Question

Consider the following reactions: \[ K_2Cr_2O_7 + 2 KOH \xrightarrow{ \text{heat} } [A] \] \[ [A] + H_2SO_4 \xrightarrow{} [B] + K_2SO_4 \] The products [A] and [B], respectively are:

• A. \( K_2Cr(OH)_6 \) and \( Cr_2O_3 \)
• B. \( K_2CrO_4 \) and \( Cr_2O_3 \)
• C. \( K_2CrO_4 \) and \( K_2Cr_2O_7 \)
• D. \( K_2CrO_4 \) and \( CrO \)

Hint:

When potassium chromate reacts with sulfuric acid, it produces chromium trioxide. The reaction typically forms an orange solution due to the presence of \( K_2Cr_2O_7 \).

Answer 1

The Correct Option is C

To solve this question, we need to analyze the given chemical reactions step-by-step and determine the products [A] and [B]. Let's go through the reactions:

1. The first reaction is:

\(K_2Cr_2O_7 + 2 KOH \xrightarrow{ \text{heat} } [A]\)
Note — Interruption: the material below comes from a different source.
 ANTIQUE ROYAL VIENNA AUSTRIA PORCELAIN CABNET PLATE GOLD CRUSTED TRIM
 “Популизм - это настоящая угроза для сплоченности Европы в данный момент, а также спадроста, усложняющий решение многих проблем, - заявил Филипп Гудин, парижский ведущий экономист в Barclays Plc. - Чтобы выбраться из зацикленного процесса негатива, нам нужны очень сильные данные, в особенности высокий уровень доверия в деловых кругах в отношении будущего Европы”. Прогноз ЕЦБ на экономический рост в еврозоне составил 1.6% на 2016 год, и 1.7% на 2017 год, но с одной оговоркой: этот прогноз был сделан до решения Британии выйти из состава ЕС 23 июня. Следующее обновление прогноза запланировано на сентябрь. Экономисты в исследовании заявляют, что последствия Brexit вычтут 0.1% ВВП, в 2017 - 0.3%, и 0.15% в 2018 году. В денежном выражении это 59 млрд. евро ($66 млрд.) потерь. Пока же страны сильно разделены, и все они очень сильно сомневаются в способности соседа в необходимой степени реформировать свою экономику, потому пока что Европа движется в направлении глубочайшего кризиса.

In this reaction, potassium dichromate \(K_2Cr_2O_7\) reacts with potassium hydroxide \(KOH\) under heat. The product formed, [A], is potassium chromate \(K_2CrO_4\). This involves a change from the dichromate anion to the chromate anion.

1. The second reaction is:

\([A] + H_2SO_4 \xrightarrow{} [B] + K_2SO_4\)
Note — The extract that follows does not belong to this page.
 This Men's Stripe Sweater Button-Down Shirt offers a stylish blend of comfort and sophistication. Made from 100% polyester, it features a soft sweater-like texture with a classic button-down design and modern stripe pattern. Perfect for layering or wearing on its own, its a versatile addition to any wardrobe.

In this reaction, [A] (which we identified as \(K_2CrO_4\)) reacts with sulfuric acid \(H_2SO_4\). This reaction converts the chromate ion back to the dichromate ion. The product [B] is potassium dichromate, \(K_2Cr_2O_7\), and potassium sulfate \(K_2SO_4\) is also formed.

Therefore, the correct products for the reactions are:

• [A]: \(K_2CrO_4\)
• [B]: \(K_2Cr_2O_7\)

Given these deductions, the correctly matched products according to the options provided are:

\(K_2CrO_4\) and \(K_2Cr_2O_7\)

Answer 2

The first reaction shows the reaction of \( K_2Cr_2O_7 \) (potassium dichromate) with KOH (potassium hydroxide) under heat. The product formed is potassium chromate \( K_2CrO_4 \), which is the compound [A].
- In the second reaction, \( K_2CrO_4 \) reacts with sulfuric acid (H2SO4), resulting in chromium trioxide \( Cr_2O_3 \) as the product [B]. Thus, the correct products are [A] = \( K_2CrO_4 \) and [B] = \( K_2Cr_2O_7 \).